Given such expressed beliefs, Scaia’s response to charges of impropriety must be given equal weight compared to the anonymous user who flagged his video. And using the logic of empowering exhibitionism, there’s no reason for Scaia, who identifies as male, to hide his chest–furthermore, it’s logically impossible for his chest to be seen as female (and thus sexual or inappropriate).
So by accepting Scaia’s claim, YouTube establishes a precedent of recognizing and protecting trans users’ gender presentation as valid. YouTube takes up the broadcast networks’ discarded integrationist banner with an eye toward reaching beyond nation and language: a globe bonded by mutual appreciation of silly cat videos, uncoordinated babies, and the importance of having a platform available to all, for all content.
It, of course, remains as facile and unachievable a goal as when the networks first took it up. Pretty catchy, though.
In his book Transmen and FTMs: Identities, Bodies, Genders, and Sexualities, Jason Cromwell includes a footnote about online trans male groups mid-1990s, identified as primarily closed spaces where trans men could ‘unstealth,’ talk about their concerns, and articulate their desire to be seen as “‘just men’” (Cromwell 1999, 170 n. 8). He finds such an emphasis contradictory: members, according to him, felt an inescapable awareness of their transness was situated in their bodies even as they sought to minimize and deny it. The irony of their online presence, then, was “their insistence that they must cease being trans and go into the world as ‘just men,’ which they seem incapable of doing” (128, 170).
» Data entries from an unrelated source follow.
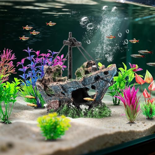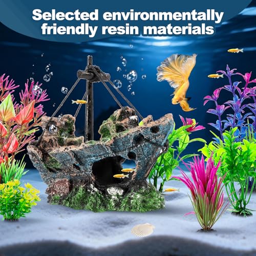 8Pcs Fish Tank Decorations Set Sunken Ship Decoration,Resin Material Fish Tank Accessories Accessories for Natural Look, Aquarium Shipwreck x 1pc, Aquatic Plants x 7pcs
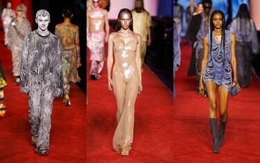 Lo slip è l'elemento chiave di questi abiti, tono su tono o a costrasto. L'imperativo è sedurre in maniera sfacciata. Il beauty look con la pelle argentata e bronzata strega il pubblico della Fashion Week
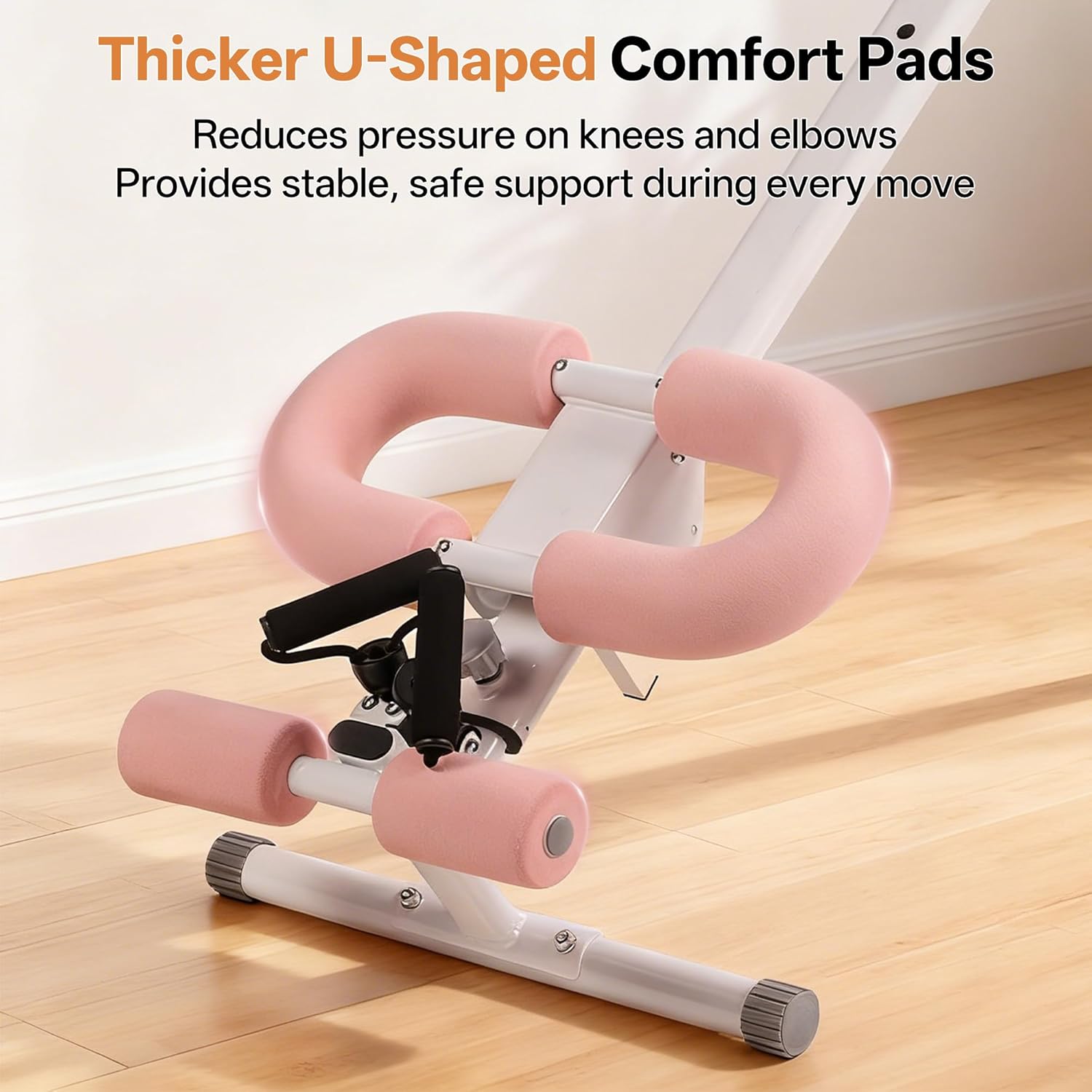 【6-in-1 Full-Body Workout Machine】This multifunctional ab trainer replaces several bulky home gym machines. Perform ab glider, knee crunches, leg presses, rowing, hip extensions, and core stability exercises—all on one compact device. 【Adjustable for All Fitness Levels】Designed with 7 height settings and 2 incline angles, allowing beginners to advanced users to customize resistance, strengthen the core, and sculpt the waist at their own pace. 【Strengthens Core, Abs, Glutes & Legs】The smooth sliding track engages the abs, obliques, lower back, glutes, hips, arms, and legs. Perfect for shaping the waistline, improving posture, and building full-body strength with low impact. 【Upgraded Comfort & Joint-Friendly Design】Features a thick U-shaped foam pad, ergonomic handles, and silent multi-wheel rail system for stable and comfortable movement. Protects knees and reduces pressure during repetitive core workouts. 【Foldable, Space-Saving & Smart Tracking】The compact foldable design makes storage easy for small apartments or home gyms. Built-in LCD monitor tracks count, time, calories, helping you monitor progress and stay motivated.

In terms of video,the documentary format further highlights this contrast. The narrative arc positions the trans person as achieving a “whole” sense of self, yet they are always cast against their “improper” body–a body that must be transcended or overcome.
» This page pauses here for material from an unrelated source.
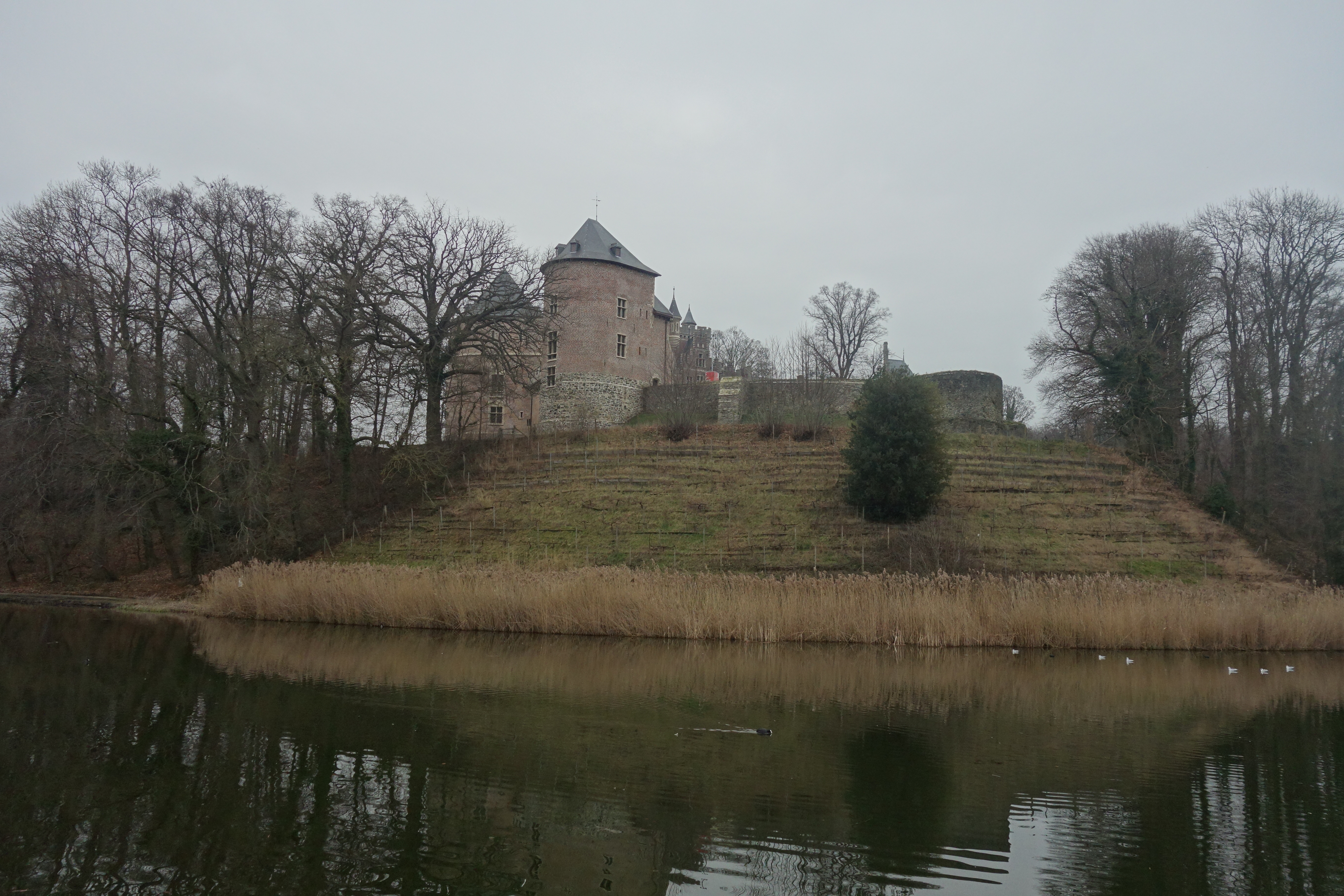 Van het dorpsplein van Gaasbeek ging het richting het kasteel. Hier werd echter enkel de rand van het park gevolgd. We zagen dus wel het kasteel van z’n meest spectaculaire kant, langs het water met de bescheiden terrassen, maar de kapel of de voorkant van het kasteel werd niet bezocht. Er werd doorgestoken richting onze volgende bestemmingen, de dorpjes Sint-Laureins-Berchem en Oudenaken.

How vlogs render this format obsolete (withYouTube’s implicit support) and affect their makers in the process are, I would argue, their larger achievement. No matter their position in the process of medical or social transition, trans male vloggers consistently position their bodies as inarguably male. For these vloggers, they are “just” men, or just “trans,” or just whatever their chosen identity is—because they declare it to be so. For them, to “pass” is to have their identity properly recognized by others. In the end, trans vloggers do not so much delegitimize passing’s political power as reconfigure its contextual validity entirely.
Though members will refer to it as such, I’ve always rejected the idea of there being a trans male vlogger ‘community’ on the basis that, as Iris Marion Young best puts it, “the idea of community presumes subjects can understand one another as they understand themselves” (302). Instead, I’d argue what brings trans vloggers together is a sense of affinity–vloggers seek out what blogger Jos Truitt has dubbed “gender friends:” “people who share some important common understandings about gender, who I know I won’t have to explain basic concepts to when talking about something I’m struggling with or excited about.” Beyond their shared transness, vloggers in most cases may have very little, if anything, in common.
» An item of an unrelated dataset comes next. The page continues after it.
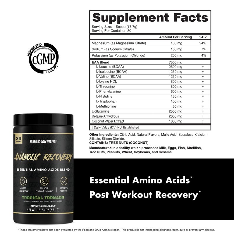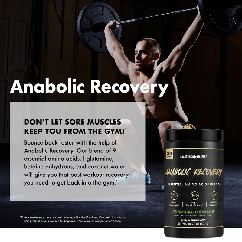 - Post Workout Recovery*: Giving your body the optimal time and nutrients it needs will have you crushing plateaus in no time; Anabolic Recovery contains 7500mg of 9 Essential Amino Acids per serving, supporting muscle growth and promoting protein synthesis*

 Miller v. California, 413 U.S. 15, 19, 39 (1973).
Cameron Bailey makes the excellent point that American suburbs contribute heavily to online standards of rules and etiquette; after all, the exclusive nature of 4chan’s /b/ and the various incarnations of /i/nvasion (the original breeding ground of Anonymous) is based around their violation of such suburban decency standards as a way to keep the uninitiated out.
 Prior to this incident, Scaia had also previously been banned from Facebook for posting a photo of himself post-surgery to his account. About a month after the ban, his account was reinstated. In that incident, Facebook representatives noted that their graphic imagery policies “have continued to evolve” based on their understanding that “potentially graphic content can be used to create awareness and educate users about a particular issue”—drawing a parallel to both the Haitian earthquake and the Iranian post-election protests.